Quiroga files a case against Parsons for allegedly violating the following stipulations: not to sell
the beds at higher prices than those of the invoices; to have an open establishment in Iloilo; itself
to conduct the agency; to keep the beds on public exhibition, and to pay for the advertisement
expenses for the same; and to order the beds by the dozen and in no other manner. With the
exception of the obligation on the part of the defendant to order the beds by the dozen and in no
other manner, none of the obligations imputed to the defendant in the two causes of action are
expressly set forth in the contract. But the plaintiff alleged that the defendant was his agent for
the sale of his beds in Iloilo, and that said obligations are implied in a contract of commercial
agency. The whole question, therefore, reduced itself to a determination as to whether the
defendant, by reason of the contract hereinbefore transcribed, was a purchaser or an agent of the
plaintiff for the sale of his beds.
Issue: Whether the contract is a contract of agency or of sale.
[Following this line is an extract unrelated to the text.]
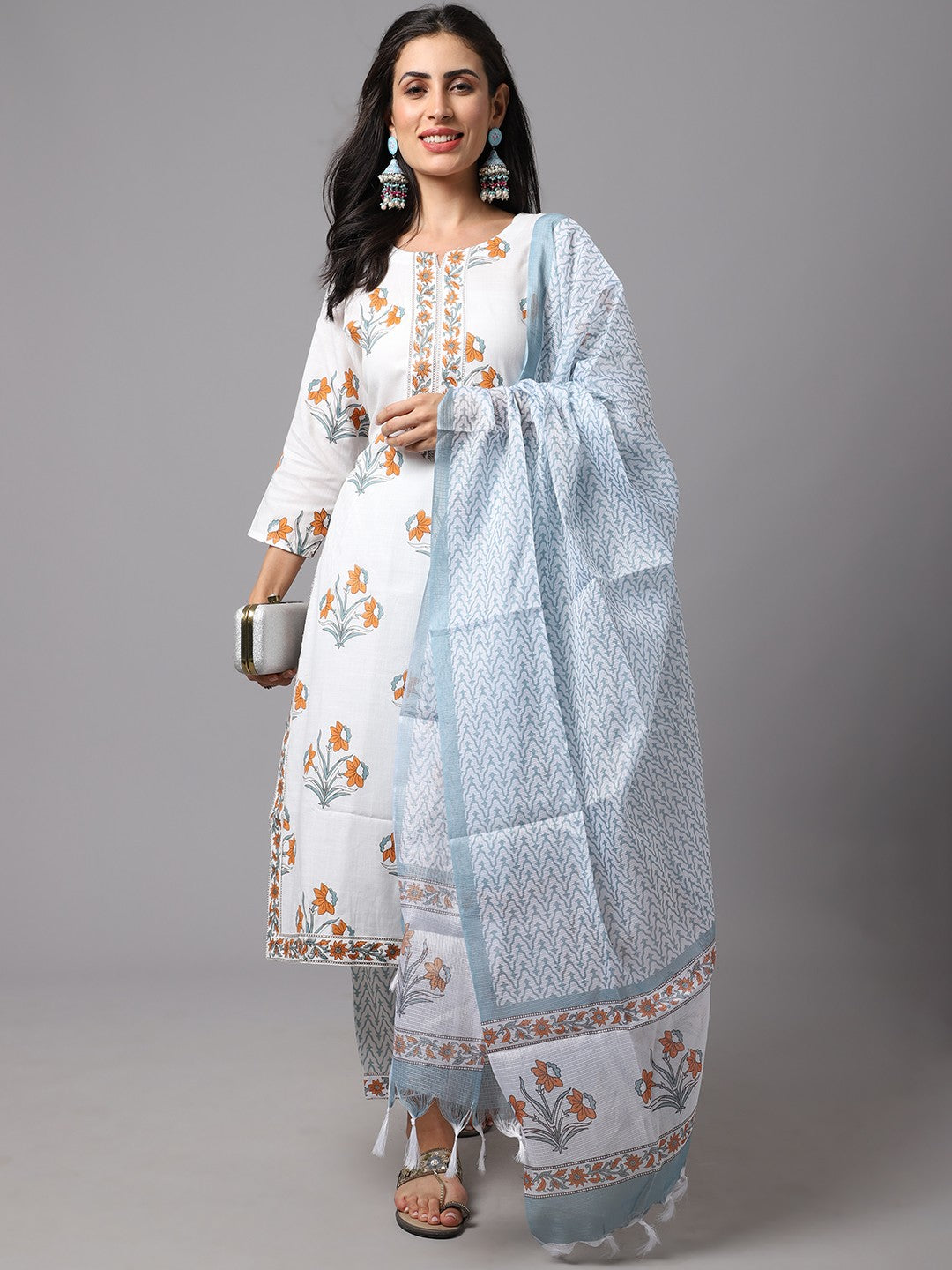 White Printed Fancy Kurti With White Bottom & Dupatta set
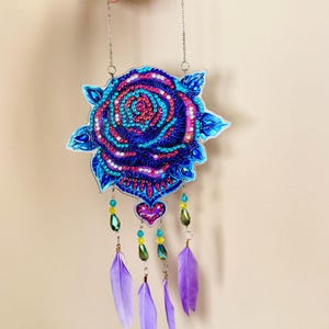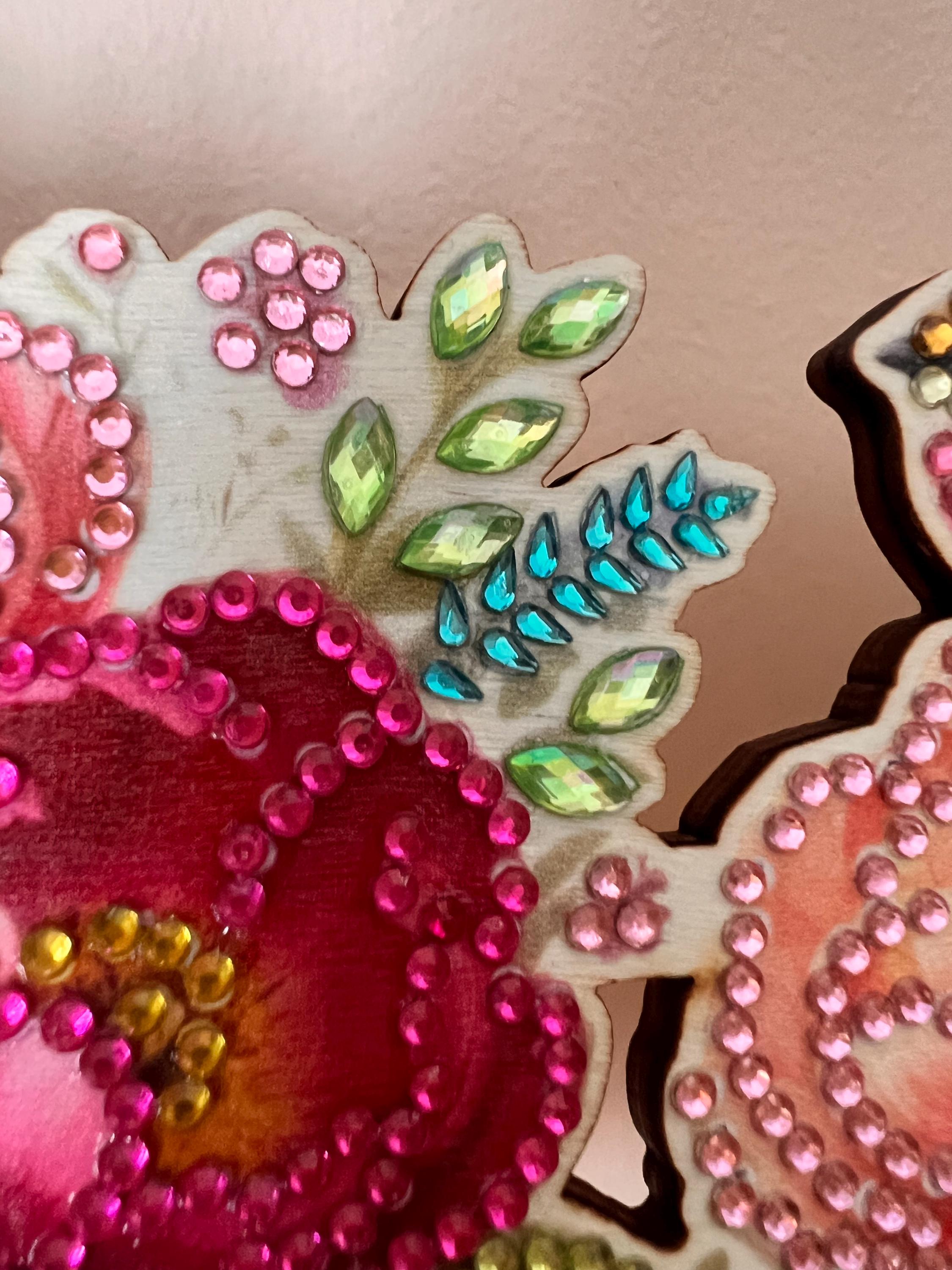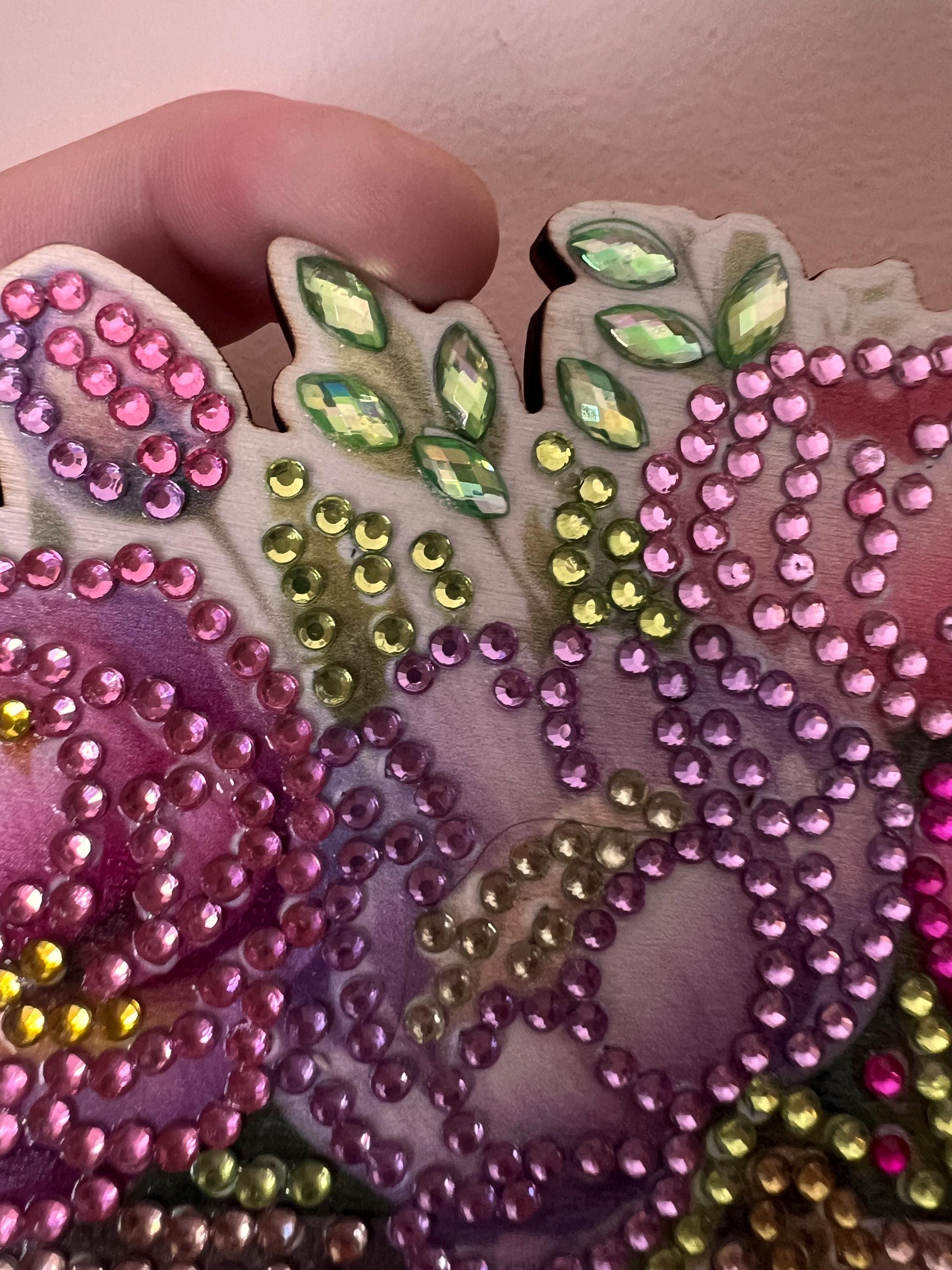 Diamond Painted Floral Wall Hook – Handmade Beaded Key Holder

Held: In order to classify a contract, due attention must be given to its essential clauses. In the
contract in question, what was essential, as constituting its cause and subject matter, is that the
plaintiff was to furnish the defendant with the beds which the latter might order, at the price
stipulated, and that the defendant was to pay the price in the manner stipulated. Payment was to
be made at the end of sixty days, or before, at the plaintiffs request, or in cash, if the defendant
so preferred, and in these last two cases an additional discount was to be allowed for prompt
payment. These are precisely the essential features of a contract of purchase and sale. There was
the obligation on the part of the plaintiff to supply the beds, and, on the part of the defendant, to
pay their price. These features exclude the legal conception of an agency or order to sell whereby
the mandatory or agent received the thing to sell it, and does not pay its price, but delivers to the
principal the price he obtains from the sale of the thing to a third person, and if he does not
succeed in selling it, he returns it. By virtue of the contract between the plaintiff and the
defendant, the latter, on receiving the beds, was necessarily obliged to pay their price within the
term fixed, without any other consideration and regardless as to whether he had or had not sold
the
beds.
In respect to the defendants obligation to order by the dozen, the only one expressly imposed by
the contract, the effect of its breach would only entitle the plaintiff to disregard the orders which
the defendant might place under other conditions; but if the plaintiff consents to fill them, he
waives his right and cannot complain for having acted thus at his own free will.
For the foregoing reasons, we are of opinion that the contract by and between the plaintiff and
the defendant was one of purchase and sale, and that the obligations the breach of which is
alleged as a cause of action are not imposed upon the defendant, either by agreement or by law.